** WHAT IS BEING ASKED **
The result should be the listing below, restated exactly, with its pictures left out.

** INPUT DATA **
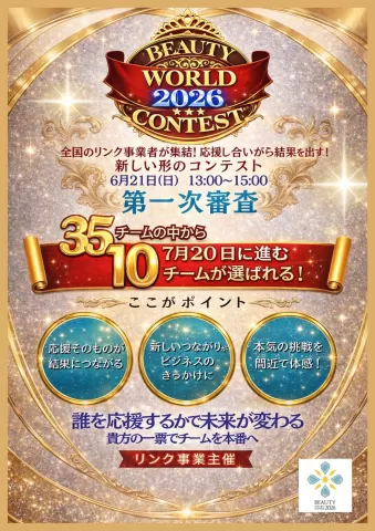 7.20(月) 13:00 | ビューティーアワードコンテスト2026年本大会 | 見た目磨きサークル部長 徳田裕実 | ZOOM |
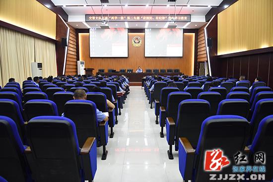 7月14日,张家界市公安局交警支队开展“两学一做”第二专题集中学习教育,通过集中上党课、观看教育片等方式,引导全体党员坚定理想信念、锤炼坚强党性、筑牢忠诚警魂。支队长全际平、政委李建忠等党委班子成员,机关科室、直属一、二大队全体党员参加学习。
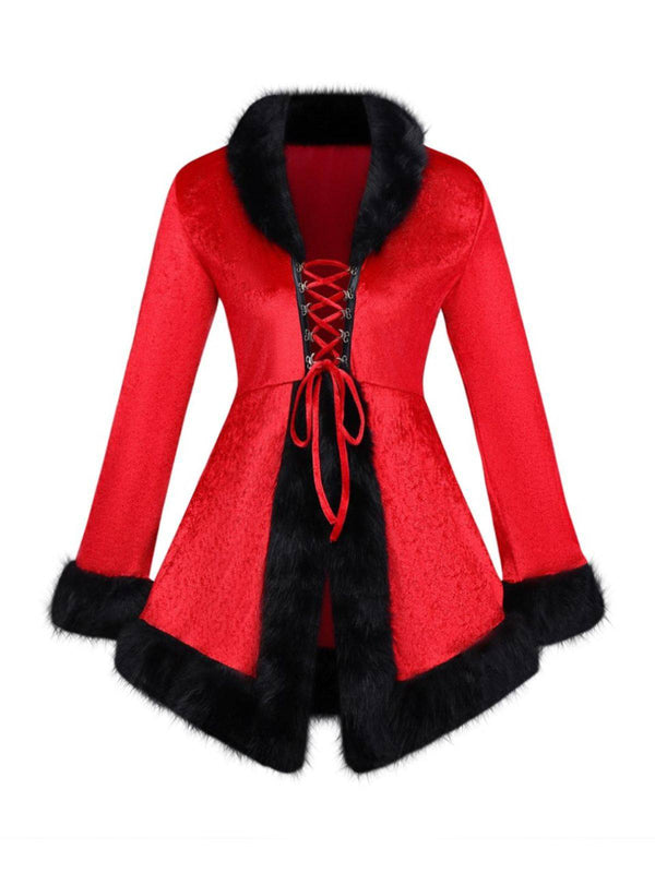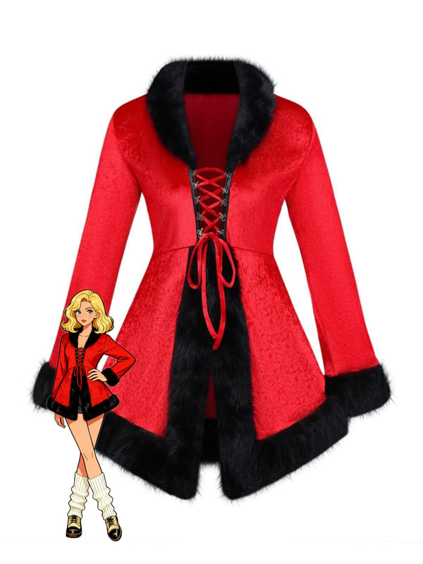 Veste de Noël en velours à lacets et bordure en fourrure rouge des ann – Retro Stage-France

** EXERCISE RESPONSE **
 7.20(月) 13:00 | ビューティーアワードコンテスト2026年本大会 | 見た目磨きサークル部長 徳田裕実 | ZOOM |
 7月14日,张家界市公安局交警支队开展“两学一做”第二专题集中学习教育,通过集中上党课、观看教育片等方式,引导全体党员坚定理想信念、锤炼坚强党性、筑牢忠诚警魂。支队长全际平、政委李建忠等党委班子成员,机关科室、直属一、二大队全体党员参加学习。
 Veste de Noël en velours à lacets et bordure en fourrure rouge des ann – Retro Stage-France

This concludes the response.